Ombudsman marks Children’s Day
The promotion and defense of the rights of the child are fundamental tasks of the State and of the community, being assumed not only as ethical duties, but also as obligations that have already reached the juridical level, based on national and international instruments.
Therefore, celebrating the day of the child implies to affirm its singularity as a holder of autonomous rights, specifically recognized to meet the special needs demanded by the different stages of development of childhood and adolescence.
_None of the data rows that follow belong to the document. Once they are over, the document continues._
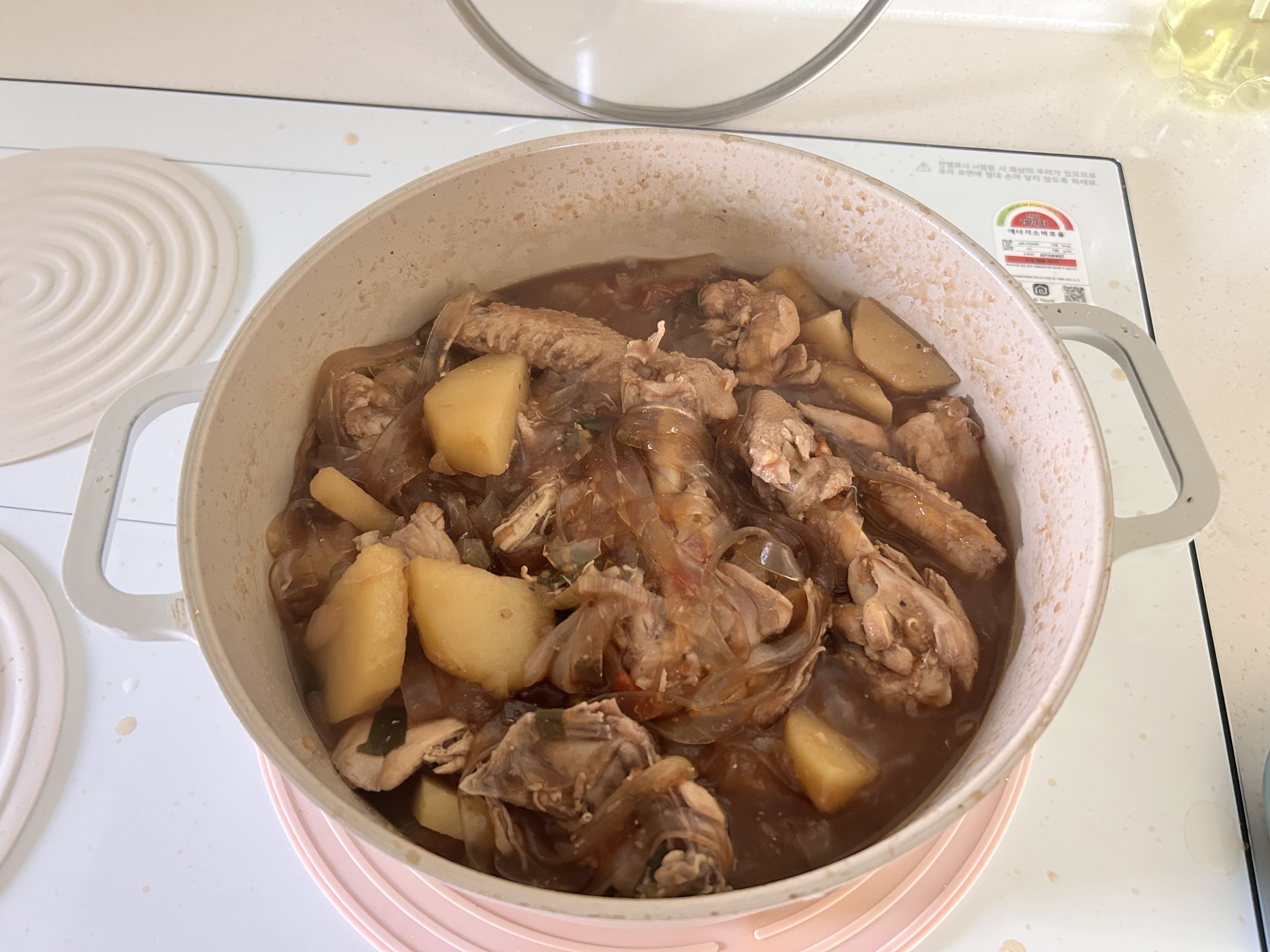 물 800ml를 넣어서 끓이고 식초 1T를 넣어줍니다. 감자를 넣고 뚜껑을 닫아 15분간 끓인 후, 뚜껑을 열고 추가 5분간 졸여줍니다. 그 후 당면을 넣어주면 끝!
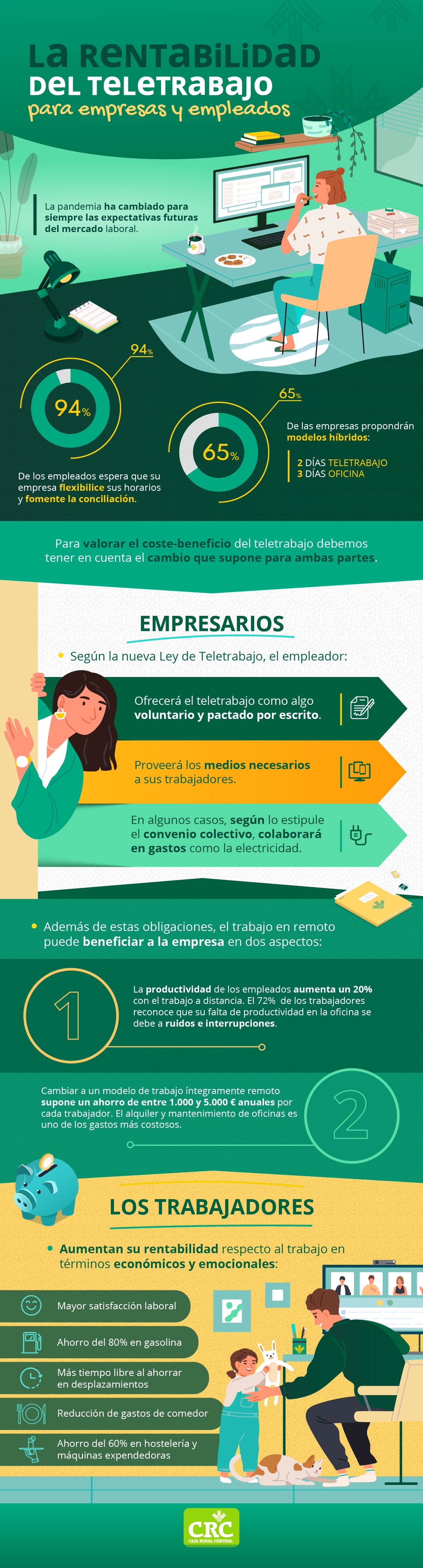 Por una parte, desde el punto de vista del empresario, hay que pensar en términos de rentabilidad. Los datos de una investigación realizada por Effiwork arrojan luz sobre el asunto: el ahorro por trabajador puede alcanzar los 5.000€ anuales, aunque se deberá tener en cuenta el convenio colectivo de cada sector para restar el gasto en equipamiento e incluso luz.
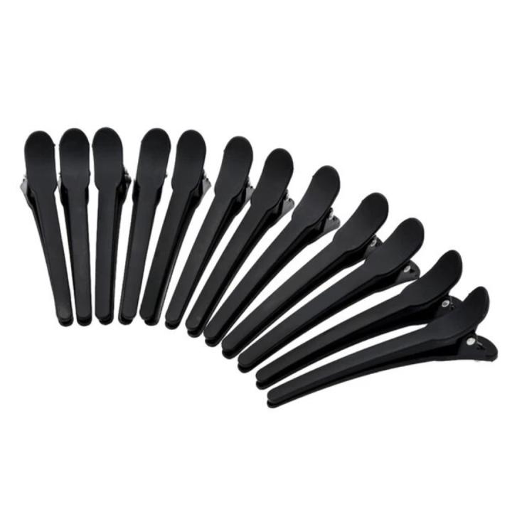 Pack de 12 pinzas de plástico negras de 13 centímetros de longitud.
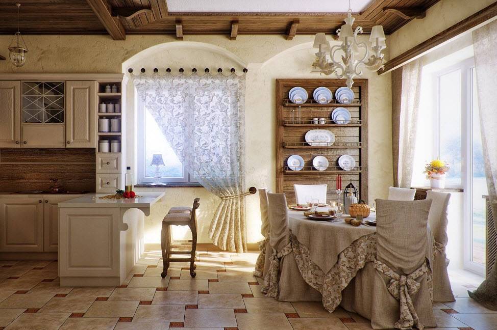 «Прованс — это исключительно натуральные материалы, как для отделки, так и для мебели. Грубая штукатурка, деревянная мебель и пол, каменные столешницы, текстильные салфетки и скатерти — вот основа уютной кухни-гостиной.
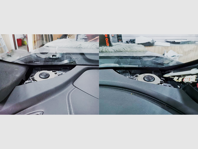 為了提高音質(zhì),我們在原車加了隔音棉。一是增加車門的厚度來減少共振。增加回響
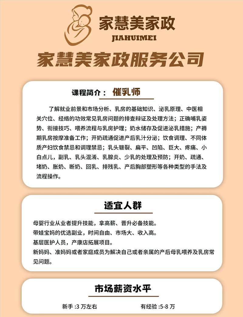 了解就业前景和市场分析、乳房的基础知识、泌乳原理、中医相关穴位、经络的功效常见乳房问题的排查辩证及处理方法;正确哺乳姿势、衔接技巧、喂养流程与乳房护理;奶水储存及促进泌乳措施;产期乳房按摩准备工作;开奶疏通促进产后乳汁分泌;饮食调理、不同体质产妇饮食禁忌和调理禁忌;乳头皲裂、扁平、凹陷、巨大、疼痛、小白点儿,副乳、乳头混淆、乳腺炎、少乳的处理及预防;开奶、疏通、堵奶、胀奶、断奶、回乳、排残乳、产后胸部塑形等各种类型的手法及流程操作。
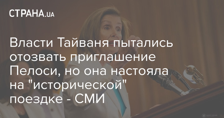 Власти Китайской Республики (Тайваня) пытались отозвать приглашение спикера Палаты представителей Конгресса США Нэнси Пелоси на остров из-за обострившейся ситуации, но она вызвала посла Тайваня в США и настояла на поездке, чтобы совершить что-то "историческое".
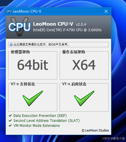 这里给大家介绍一款工具LeoMoon CPU-V, 它是一个非常简单实用的CPU工具,可以用来检测cpu虚拟化是否开启,打开软件即可看到详细参数,只需要运行软件,就能够自动检测硬件是否支持虚拟化,还能查看处理器构架、操作系统构架、vt支持状态和vt启用状况
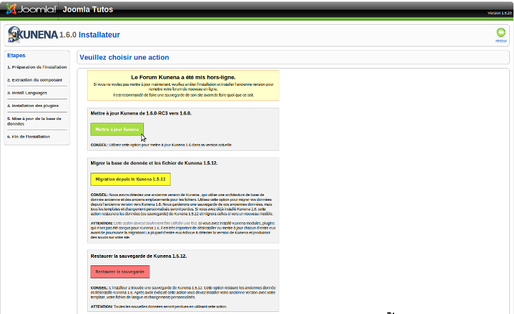 Nous pouvons maintenant commencer la mise à niveau vers Kunena 1.6.0 (Version stable)

But celebrating a child’s day also requires looking beyond the existing legal framework and entering the concrete plane of life where challenges to the realization of rights materialize in the daily lives of so many children and so many families.
For this reason, the Ombudsman, as the National Human Rights Institution, has produced a report on the implementation of the Convention on the Rights of the Child on the occasion of the presentation of the 5th and 6th national reports for the 82nd session of the Committee on the Rights of the Child, to be held in Geneva from 9 to 27 September 2019. Education issues – such as drop-out, absenteeism and school failure – child poverty, domestic violence and child and youth care in danger and of refugee children, deserved particular attention on the part of this organ of the State.
It should also be recalled that, in order to respond to situations of children and young people in situations of risk or danger, the Ombudsman has a free telephone line – the Children’s Line (800 20 66 56), which answered, in the year 2018, 553 calls.